Поговаривали, камень тот в болоте утоп. А скоро молва пошла, что, процветет то место, откуда камень взят, процветет да под воду уйдет, морем станет да заболотится. Только это уж от тоски пустословили, — по Камню скучали. Что им на память-то осталось? Балка безжизненная? — сколько лет на краю монастырского хозяйства бесплодной яругой[11] лежит. В половодье размывается, в засуху выжигается.
Можаю снова одних слов мало, — захотел рытвину ту собственными глазами увидеть. Сестры к самому месту и отвели.
Осмотрел Можай овраг, оглядел окрестности, прислушался к сердцу, — думал, сразу и про легенду, и про смятения свои поймет, — а в душе тихо: ни тревог, ни сомнений, ни смутной печали. Да и вокруг покойно все, безмятежно. И понял он, что тоска совсем отступила: и о будущем думать не страшно, и о прошлом не больно, — будто новое дыхание открылось, будто бодрости прибавилось, и силы в душе столько стало, сколько и в молодости не было. А что земля неровная, — чепыжник да осыпи, да норы кой-где, — зато приволье какое! Тут тебе и отстроиться места хватит, и десятин поболее прежнего взять можно, и ертей-ручеек, и лесок приречный под боком: и рыбы, и зверя — всего вдоволь будет.
Со временем новосельцев в Белой прибавилось. Избы новые, крепкие встали, люди все степенные, добрые, работящие подобрались. Вместе поля урабатывали, колодцы рыли, сады заводили, ветряки ставили, дороги торили, гать через речушку новили, землями прирастали.
А земли, земли какие!

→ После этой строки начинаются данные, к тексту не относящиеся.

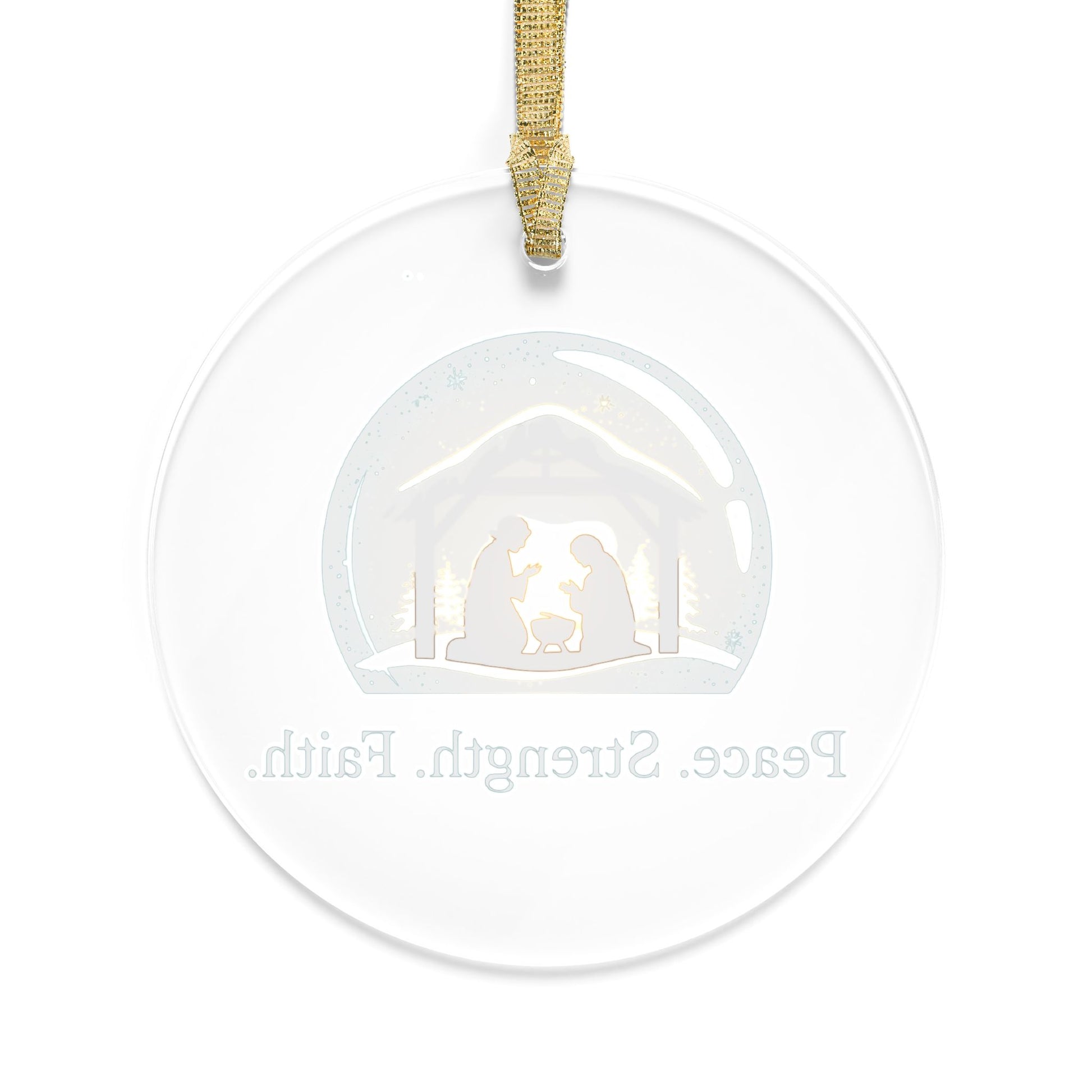 Nativity Ornament – Peace Strength Faith Christmas Decoration, Christian Acrylic Tree Ornament, Holy Family Holiday Keepsake
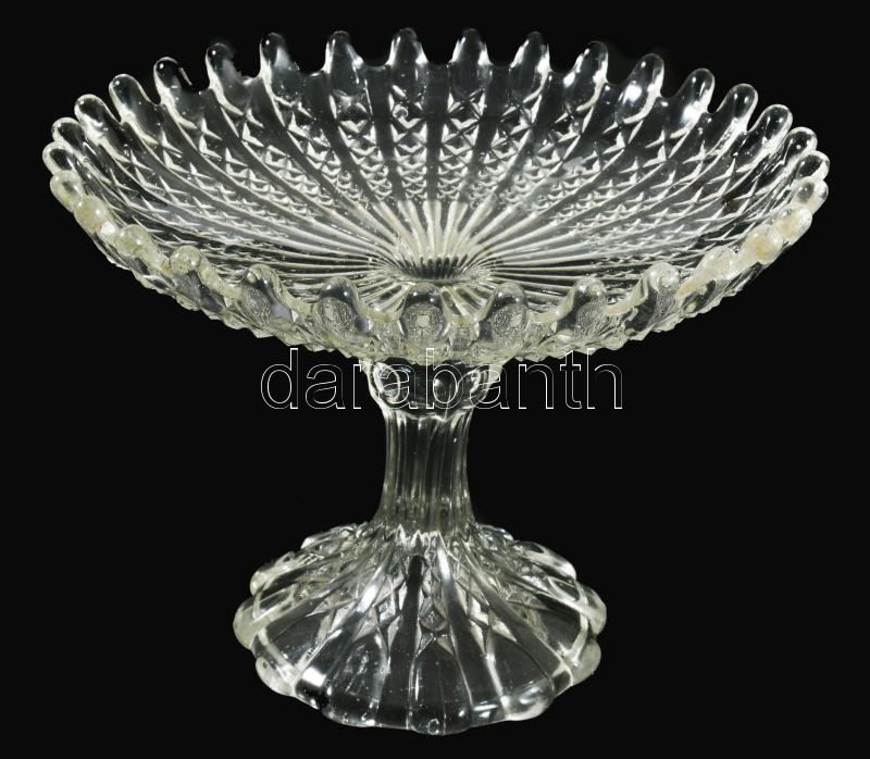 Régi üveg talpas kínáló, d: 22 cm, m: 17 cm
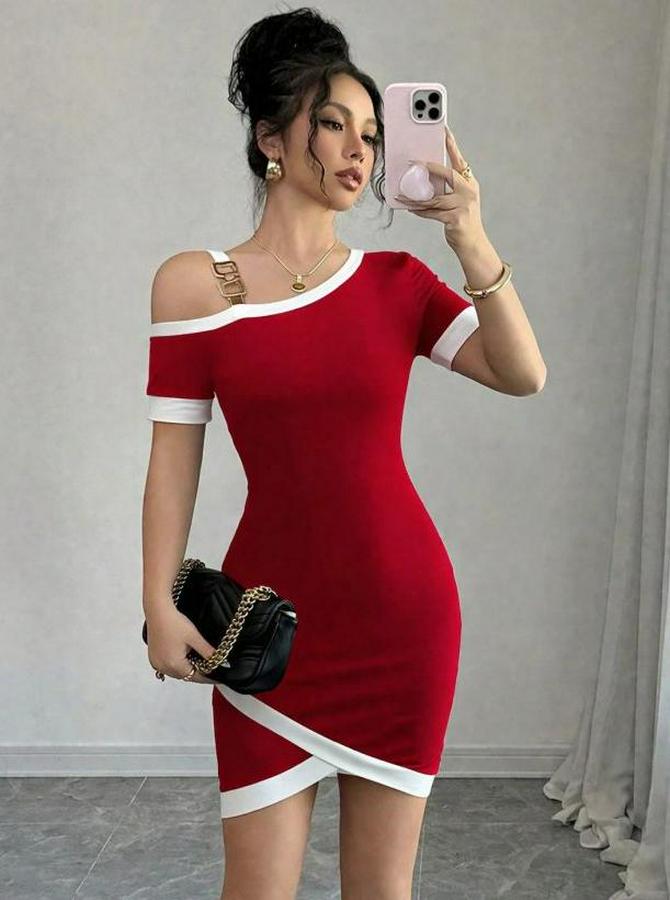 Kadın Kısa Kollu Asimetrik Kesim Yaka şerit Ve Aksesuar Detaylı Modal Elbise
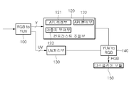 상기 영상표시장치는 수신되는 CVBS 형태의 신호를 디코딩하고 이를 스케일링 변환을 수행하게 되면, RGB 신호는 밝기 신호(Y)와 색차 신호(UV)로 분리되는데, 도시된 도면에서는 RGB to YUV 변환부(110)로 도시되어 있다. When the image display device decodes the received CVBS type signal and performs scaling conversion, the RGB signal is divided into a brightness signal Y and a color difference signal UV. In the drawing, the RGB to YUV converter ( 110).
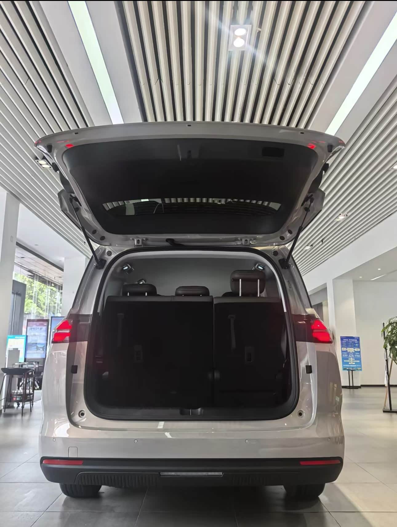 新车采用2+2+3的7座布局,第二排是两个独立航空座椅,带扶手和腿托调节。我身高178cm,坐进第三排膝盖离前排还有一拳距离,头部空间一拳半,短途乘坐不憋屈。但第三排座椅偏薄,长途舒适性一般。
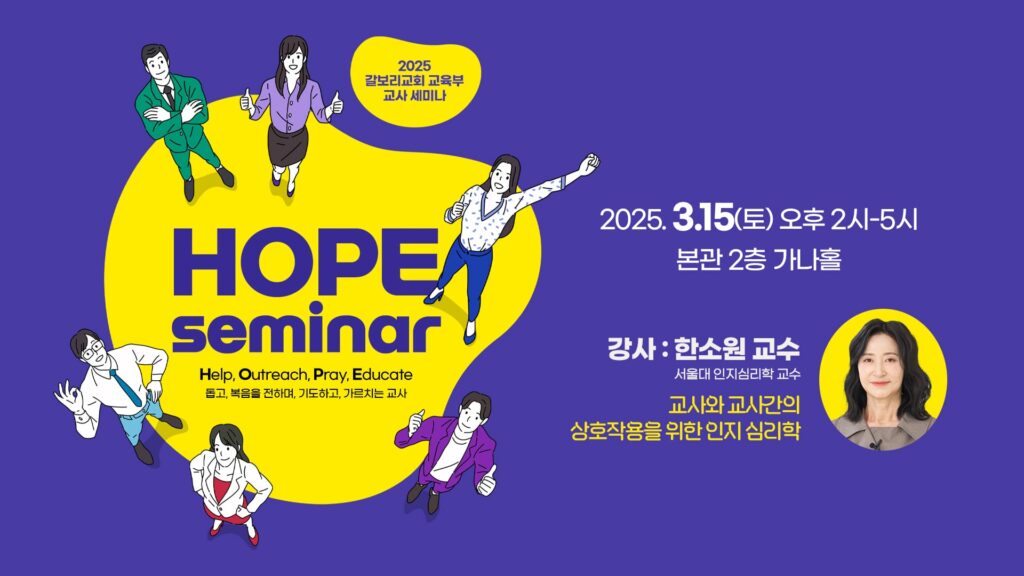 교육부 교사 세미나가 오는 토요일 3월 15일 오후 2시부터 5시까지 본관 2층 가나채플에서 진행됩니다.이번 교사 세미나에서는 서울대 인지심리학과 한소원 교수님의…
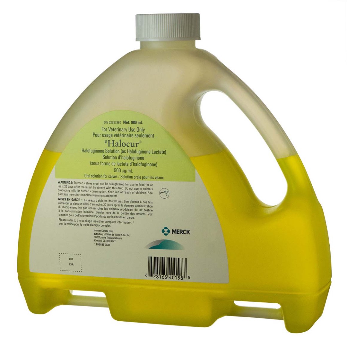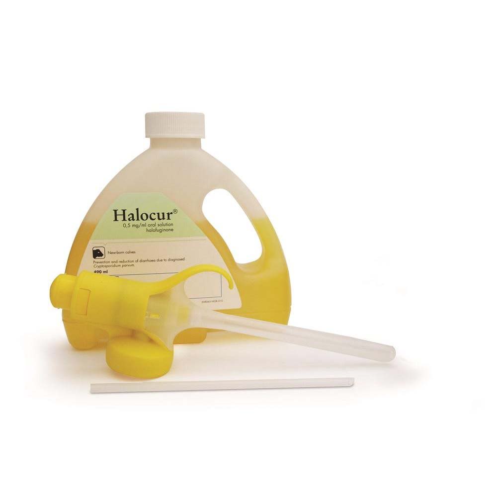 HALOCUR is an anti-protozoal solution indicated as an aid in reducing clinical signs of cryptosporidiosis caused by Cryptosporidium parvum in new born calves, when administered orally (after colostrum or milk/milk replacer feeding) for the first 7 days of life at a dosage of 100 µg of halofuginone base per kg of body weight.
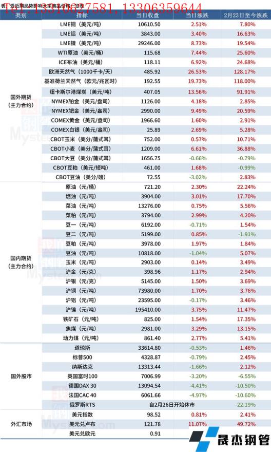 近期,受國(guó)際局勢(shì)影響,全球金融及大宗商品市場(chǎng)出現(xiàn)較大波動(dòng)。3月4日,歐美股市經(jīng)歷“黑色星期五”,國(guó)際油價(jià)、天然氣大幅上漲,油價(jià)本周波動(dòng)幅度創(chuàng)歷史新高。匯總情況如下:
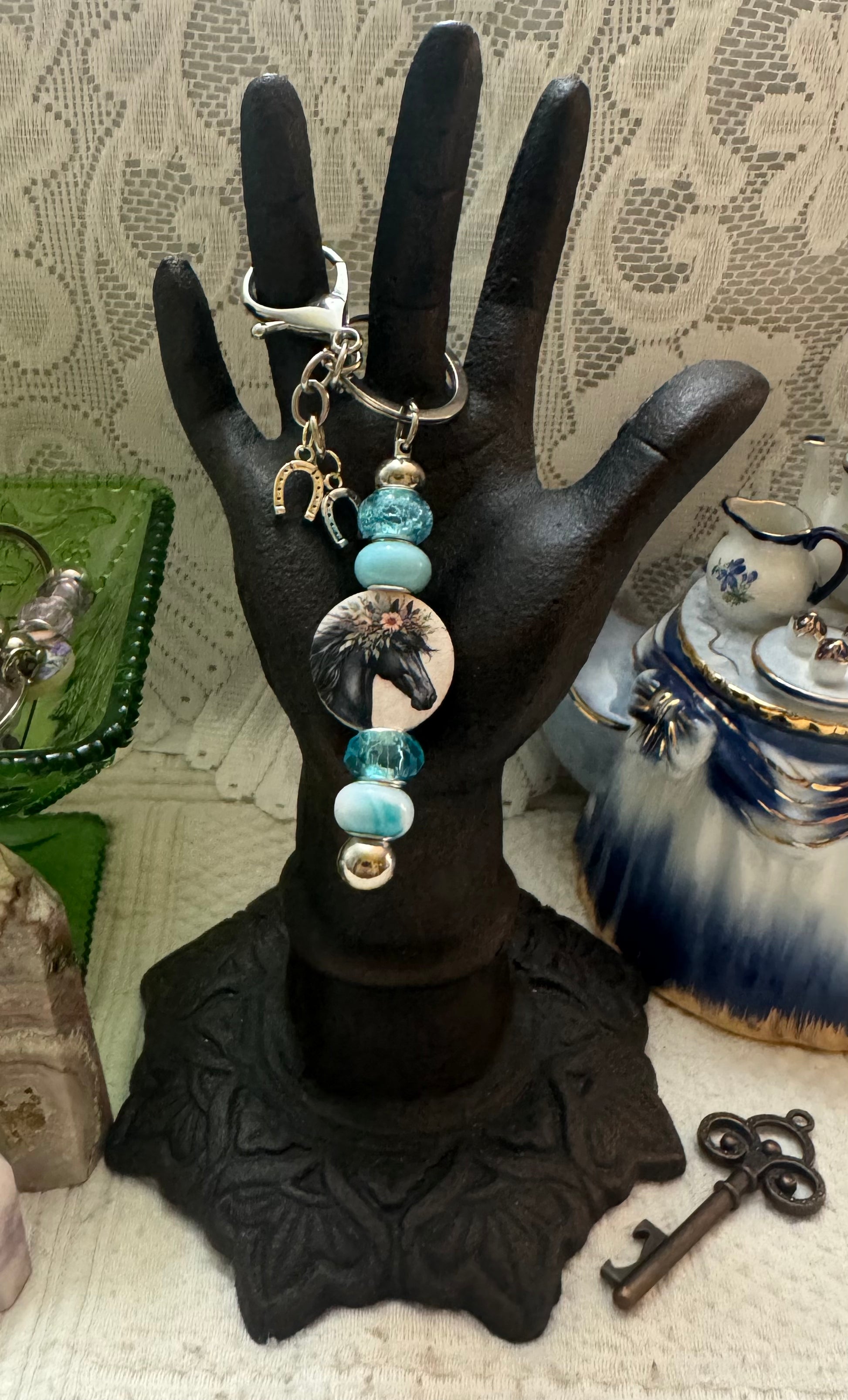 Large Handcrafted, Decoupaged Horse Bead with Accenting European Style Beads & Horseshoe Charms.
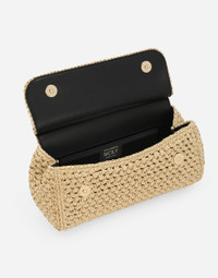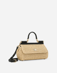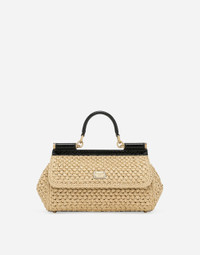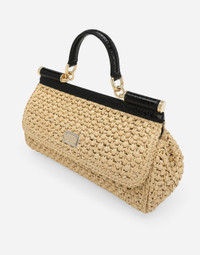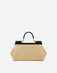 A brand icon, this practical and compact Sicily bag is perfect for carrying your essentials with you. Coming in crochet raffia, it features an adjustable, detachable crossbody strap in python skin and is embellished with the branded tag featuring two metal plating finishes. Elongated raffia crochet Sicily handbag: • Beige • Front flap with hidden double magnetic fastening • Branded tag featuring two metal plated finishes • Top handle and adjustable, detachable strap in python skin • Fabric lining and flat pocket • Metal feet studs on the base • Item comes with a branded dust bag • Measurements: H17 x W25 x D9 cm • Made in Italy External composition: 70% Viscose 30% Python Molurus Internal composition: 80% Calfskin 15% Cotton 5% Acrylic
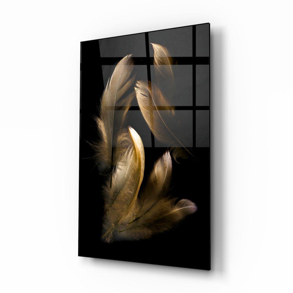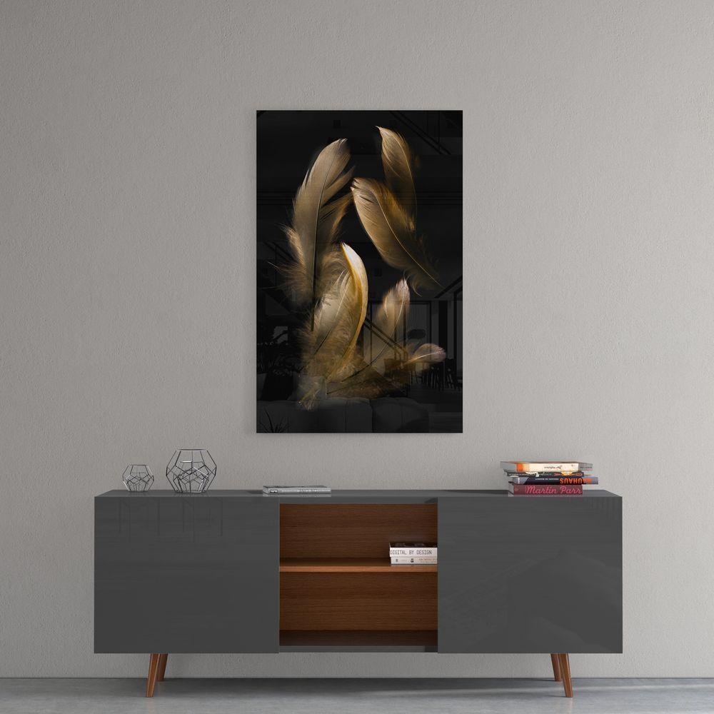 Ce tableau en verre est la pièce idéale pour compléter votre espace minimal. Créez un équilibre agréable dans votre maison ou votre bureau et accueillez cette belle impression d'art sur minimaliste représentant des plumes beiges, voir un peu doré tombantes sur fond noir.
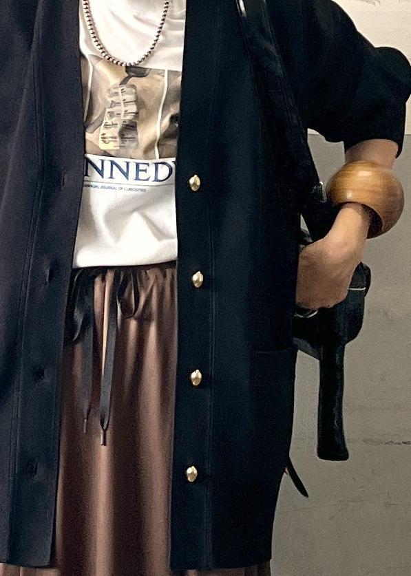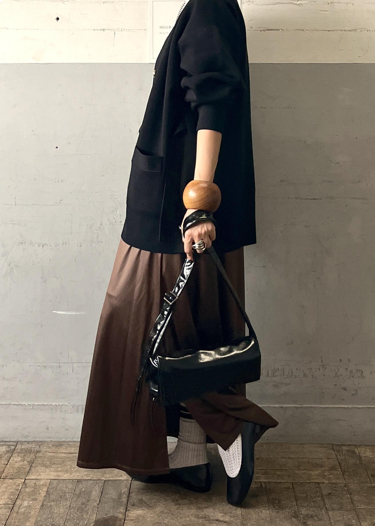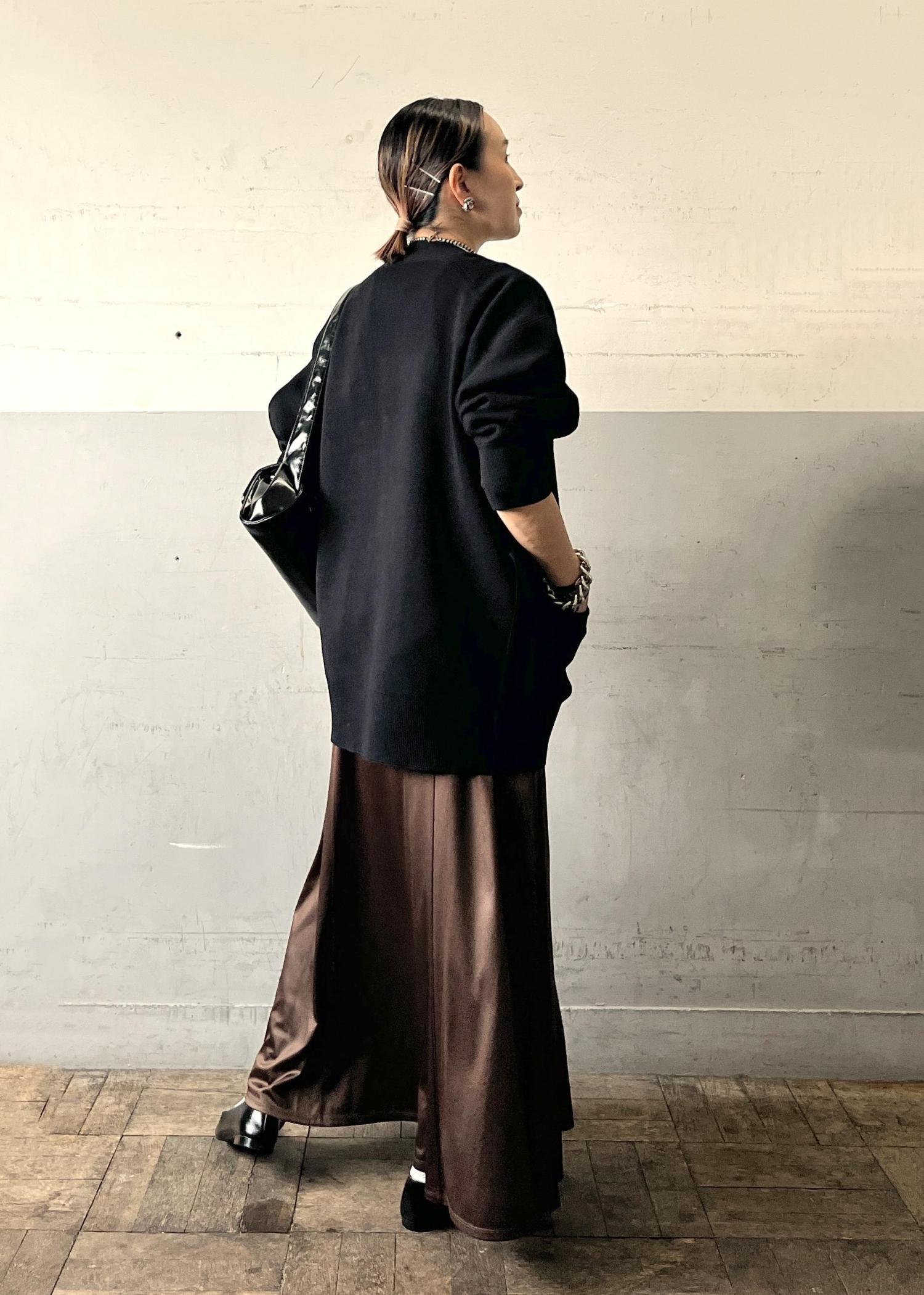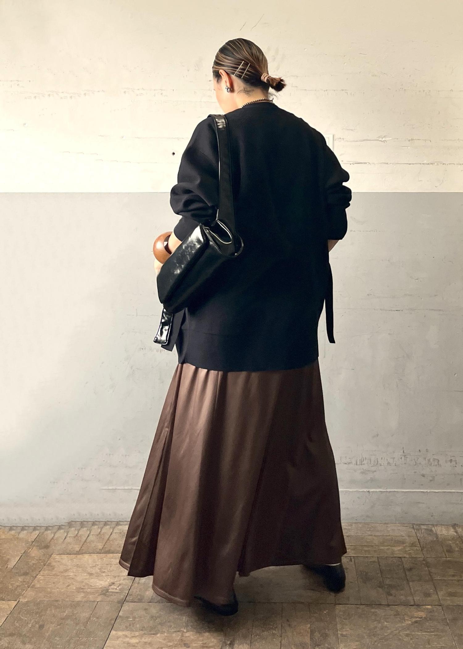 艶のあるスカートをカーディガンでさらりとまとめた大人カジュアル。

Плодородные, рыхлые, щедрые! Не земли — благословение Божие! Бывало, утром туман ослабнет, оседать начнет, солнышко по колокольне, по крышам брызнет, Можай на крыльцо выйдет, кругом оглядится, шапку снимет:
— Благодать Божия нисходит, — говорит и крестится на церковку монастырскую, на восток, на солнышко. — Уважить ее надо, удостоиться! — и кланяется трижды, и теми же пальцами, что крестное знамение в воздухе творил, землю гладит; и ни богатырем, ни святым себя не мнит; трудник он, земле-матушке трудник, и Богу верный работник. — Спаси, Господи, не остави ны заступлением Своим!
Господь и не оставлял. Земля щедро одаривала новосельцев, и князь радехонек был: процветало его Новоспасское и доход приносило немалый. И Можай в накладе не остался. Как время пришло, — за подъемные рассчитался и о процентах не забыл. Князь, по великодушию своему, чуть вольную ему не выписал, тем более что к тому времени управляющего из тамбовских мещан нашел, но побоялся без прежнего помощника остаться. И только почуяв близкую кончину, отпустил его барин. Заслужил уж.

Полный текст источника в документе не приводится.